I've been sitting on this drawing for
three years and only just got around to putting some shading on it to make it readable. The intent was just to throw down some rough values but it turned into a two-day painting project ... I suppose it's earned it, waiting so long, and I'm still proud of the drawing, which I can't say for much I did that long ago.

Click for to make biggar!
This is based on the deliciously tense/flirty reading of this scene in the Arkangel recording of
Othello, which I will be posting to Tumblr tomorrow morning, but it is personal policy to give my handful of DW/LJ readers first crack at the art.
Longtime readers of this blog will know I'm really not into romantic stuff and certainly not shipping of any stripe, but this scene (and this reading of it) give these already interesting characters a very interesting – and very real – relationship, which makes them
even more interesting, which kind of isn't fair because they have so much already but I don't care I will eat it all up.

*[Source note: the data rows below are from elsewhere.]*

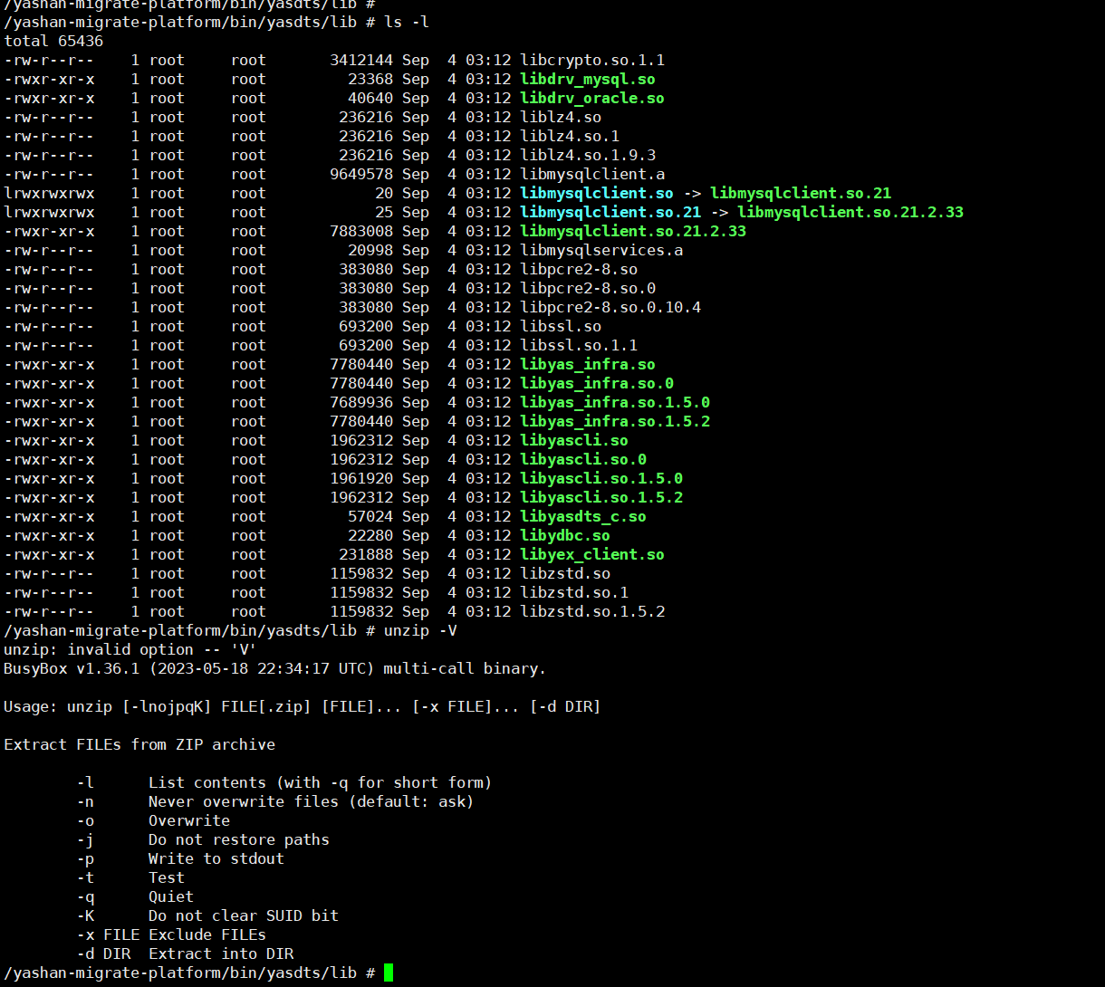 出现该问题可能的原因是安装包解压出错,数据迁移使用的依赖文件软链接失效,请排查环境机器使用的unzip工具版本。
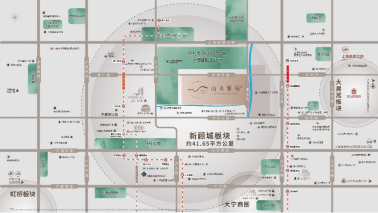 2024,中建东孚与上海同频共振,远见城市发展,于北上海都芯再度落笔,敬献境系迭代作品——中建山水雅境。上海2035规划中,新顾城板块明确为上海主城新兴的重点板块;在全上海科创发展价值链上,大宁-市北高新区与桃浦智创城-南大智慧城两大产业链形成协同共进,一路向北拓展,与宝山主城于新顾城磅礴交汇,擘画出北上海发展潜力更大、高智人群集合、板块更具年轻活力的宜居生活芯;在宝山主城发展链上,新顾城位于沪太路城镇发展轴和宝杨路-宝安公路功能发展轴的轴心,东西向链接嘉定远香湖中央活动区、吴淞创新城,南北向联动南大智慧城,成为北上海产业升级转型的产城高地。项目凭依新顾城千亿规划,紧邻顾村生态绿心特定区,兼得繁华与生态双重卓越资源,产城融合驱动板块升级的当下,与北上海共享潜力未来。
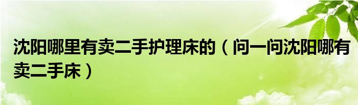 导读 大家好,精选小编来为大家解答以上的问题。沈阳哪里有卖二手护理床的,问一问沈阳哪有卖二手床很多人还不知道,现在让我们一起来看看吧!1
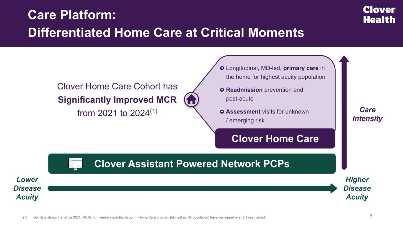 7 Care Platform: Clover Assistant is the Leader in Clinical AI Millions of clinical documents, collected & reconciled Synthesis of 100+ Data Sources Robust IP and patent portfolio(1) Insights from >100 Proprietary Models Surfacing relevant clinical suggestions at time of encounter Clinical Orientation, Dynamic Actions Claims Data PCP & Specialist Charts EHR Data Pharmacy Data Lab Data Evidence-Based Protocols Early Diagnosis & Treatment Patient-Specific Insights & Next Steps Care Gaps: Preventative + Chronic Care Medication Adherence Transitional Care & ADT Population Health Management Data Deduplication / Normalization Enriched Clinical Data Repository Post-Discharge Encounter Mappings Machine Learning (ML) Models for Diagnosis Suspecting (1) Including patents for Machine learning models for diagnosis suspecting and Prospective medication fillings management, among many more that can be found here. Empowering physicians to practice medicine using their clinical judgement
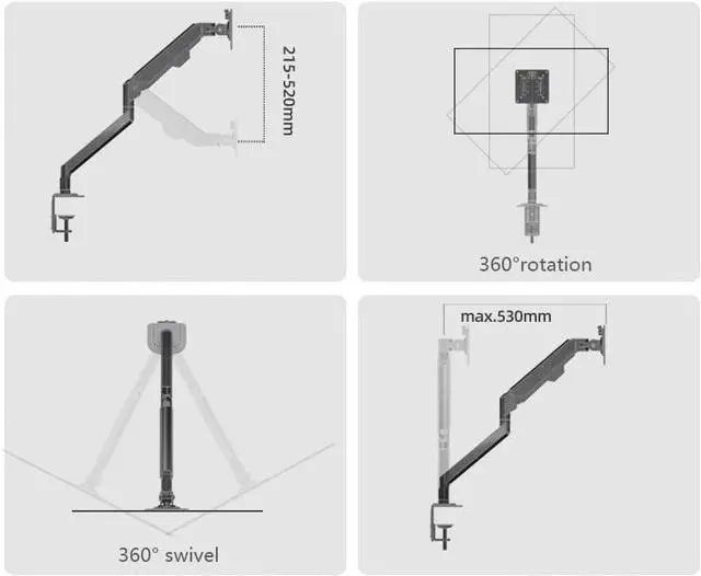 The single monitor mount adopts an Advanced Gas Spring System that offers a wide range of movement. Your monitors enable effortless adjustment with +90°to -90°tilt, 180°swivel, and 360°rotation, creating the most comfortable viewing angle for your work or game.
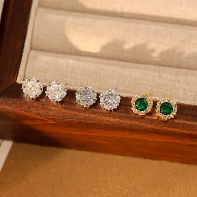 Elegant Color Zircon & 925 Silver Post Stud Earrings - Wholesale
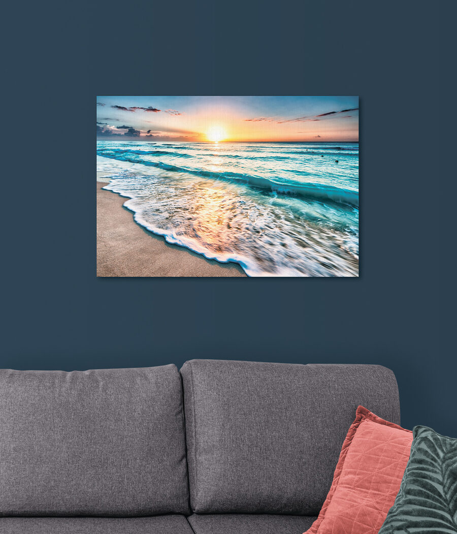 Transformeer elke ruimte met deze prachtige canvasprint, “Waves on a Beach”. Stel je voor dat je je kamer binnenloopt en begroet wordt door het zachte kabbelen van de golven, zelfs als je mijlenver van de oceaan vandaan bent. Dit kunstwerk legt dat perfecte moment vast wanneer de zon onder de horizon zakt en de lucht in prachtige tinten schildert. Het is net een mini-vakantie aan je muur. Stel je gezellige avonden voor, misschien met een goed boek of een glas met iets verfrissends. Het is een visuele ontsnapping die warmte en rust brengt en herinneringen oproept aan zanderige tenen en een strandbriesje. Perfect voor iedereen die hunkert naar een stukje geluk aan zee!

In other news, thanks to my mum's encyclopedic memory for names (a trait which, sadly, I have not inherited), I now know who the actor was whose Iago seared itself so strongly on my visual memory that I could recall him, to some degree, ten years later: meet
Alexis Baigue. Mr Baigue, if you've come here to find why your video suddenly had a spike in traffic, thank you for being so awesome in
Good Night Desdemona, Good Morning Juliet, and I hope you're not too weirded out by being immortalised as the personification of evil. Nothing personal, I promise.